ABSTRACT
The carbapenem inactivation method (CIM) and modified CIM (mCIM) are simple and economical phenotypic screening methods for detecting carbapenemase production in Gram-negative bacteria. Although the mCIM has been recommended by the Clinical and Laboratory Standards Institute, both the CIM and mCIM have limitations. This study describes another modified CIM, called CIMTris, in which carbapenemase was extracted from bacteria with 0.5 M Tris-HCl (pH 7.6) buffer. The ability of the CIMTris to detect carbapenemase production was examined in Acinetobacter and Pseudomonas species. The CIMTris had an overall sensitivity of 97.6% and an overall specificity of 92.6%, whereas the mCIM had a sensitivity of 45.1% and a specificity of 100% for the isolates tested. These findings indicate that the CIMTris is useful for detecting carbapenemase production in Acinetobacter and Pseudomonas species.

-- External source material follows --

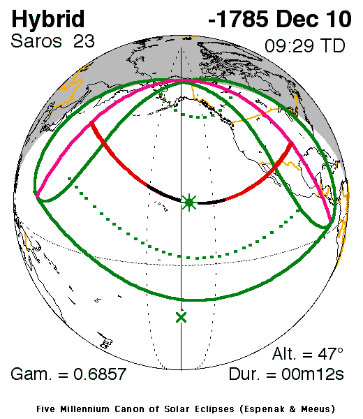 A hybrid eclipse of the Sun occurred on 9 December, 1786 BC UT Old Style, with maximum eclipse at 21:59 UT. A fleeting hybrid eclipse covered only a tiny path, just 9 km wide and lasted for a brief 12 seconds at the point of maximum eclipse.
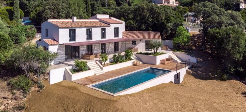 In the heart of a sought-after area of Cavalaire-sur-Mer, beautiful new villa with sea view, nestled in the hillside with enviable vistas. Located in absolute calm, this turnkey villa has bright volumes spread over 2 levels, including: On the ground floor a beautiful living room with living room and its American kitchen, a laundry room, as well as a master with shower room and dressing room. The first floor offers 3 beautiful suites, all open to the sea view. Built on a plot of more than 2000m2, the property enjoys large outdoor spaces, decorated with a 12x4m heated swimming pool surrounded by colorful Mediterranean species. A secure double closed garage. The villa has reversible air conditioning, double glazing and a home automation system. It is still under its ten-year guarantee. Contact us today to discover more about this modern luxury sea view property.

KEYWORDS: Acinetobacter species, Pseudomonas species, carbapenem inactivation method, carbapenem resistance
INTRODUCTION
The emergence and dissemination of carbapenem-resistant Acinetobacter and Pseudomonas species have been a serious health concern worldwide, because infection with these bacteria is associated with high mortality rates and limited medical treatment options (1, 2). The high carbapenem resistance of these bacteria is due to their production of acquired carbapenemases, including metallo-β-lactamases, such as IMP-, NDM-, and VIM-type enzymes, and KPC-type β-lactamases (3). In addition, some variants of OXA-type and extended-spectrum β-lactamases, including GES-5, and OXA-23, OXA-48, and OXA-72, have shown carbapenemase activity (3).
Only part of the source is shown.